The political slant to what should be a straightforward question and answer is a problem for Taiwan, where officials fear influential tech platforms from China, such as TikTok and Xiaohongshu, are eroding the island’s cultural and political edifices.
To mitigate China’s growing tech influence and establish a foothold in the budding artificial intelligence ecosystem, Taiwan budgeted some NT$17.4 billion ($555.6 million) through 2026 to develop expertise and tools in the industry. On top of that, it is spending some $7.4 million on the Trustworthy AI Dialogue Engine, or Taide, a language model that its developers say would give businesses, banks, hospitals and government offices a platform for tasks such as writing emails and summarizing meetings. The hope is the tool would be free of China’s political influence.
Lee Yuh-jye, a professor of applied mathematics at National Chiao Tung University and coordinator of the Taide project, said Taiwan needs “a large language model that’s aligned with our values.” “A large language model embeds a place’s knowledge system and more than that, its core values: Freedom, democracy, human rights,” he said.
See: TikTok Influencers Give Xi a Rare Soft Power Win in Taiwan
The self-described Silicon Island already plays a pivotal role in AI development because its biggest company, Taiwan Semiconductor Manufacturing Co., makes the most sought-after accelerator chips. It is Nvidia Corp.’s go-to manufacturer of AI chips and the “enabler” of the entire tide of AI innovation, according to TSMC Chief Executive Officer C.C. Wei. The push for a domestic language model and a related software and engineering ecosystem is meant to move Taiwan further up the development chain.

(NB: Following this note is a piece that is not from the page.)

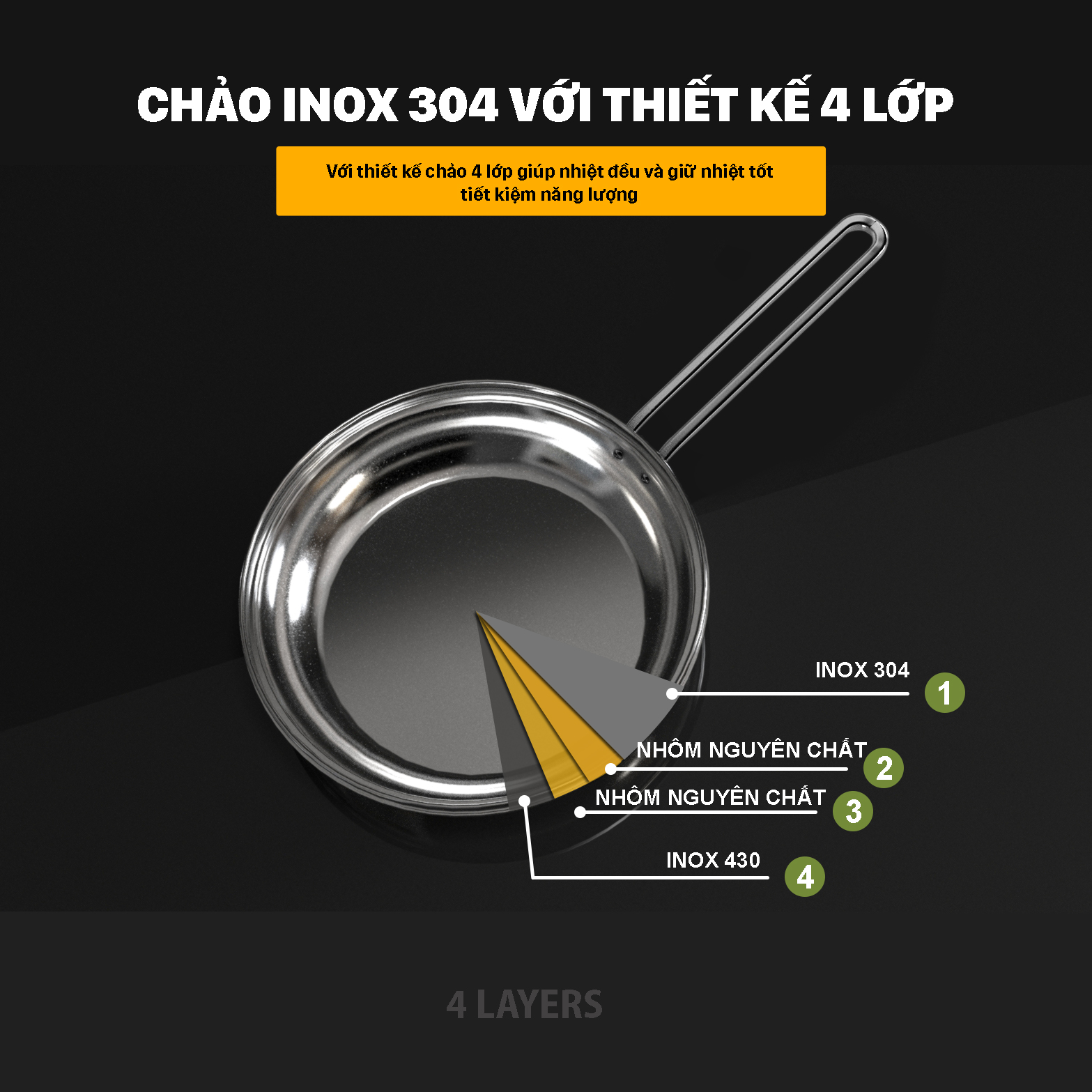 + Lớp lõi được xen kẽ bởi các lớp nhôm cao cấp giúp dẫn nhiệt nhanh và tản đều khắp bề mặt

To help do that, Taide’s developers are licensing content from local media outlets and government agencies. That material is then added onto Llama 2, Meta Platforms Inc.’s open-source large language model. One benefit of the approach is the content will be in the traditional Chinese characters used by the island’s 23 million people, instead of the simplified version found in China. An early version of Taide is due to be rolled out in April this year for select partners to test.
Taide is limited in scope compared to offerings such as ChapGPT – and its funding pales in comparison to the billions lavished on such projects by the likes of Meta and Microsoft Corp. – but the hope of developers is that the tool and other aspects of locally developed AI plans someday lead to Taiwan playing a bigger role in the software side of the industry.
While ChatGPT does have a Chinese-language option, it is less than ideal for the needs of Taiwan. A key reason is the government and companies wouldn’t want private data put into the OpenAI platform.
Concern over data security and AI was underscored last year when Samsung Electronics Co. banned employees from using tools like ChatGPT after staff uploaded sensitive code to the platform. Security worries are a main reason that Taiwan’s Asustek Computer Inc. plans an AI computational platform that would have all its hardware installed in a client’s facilities.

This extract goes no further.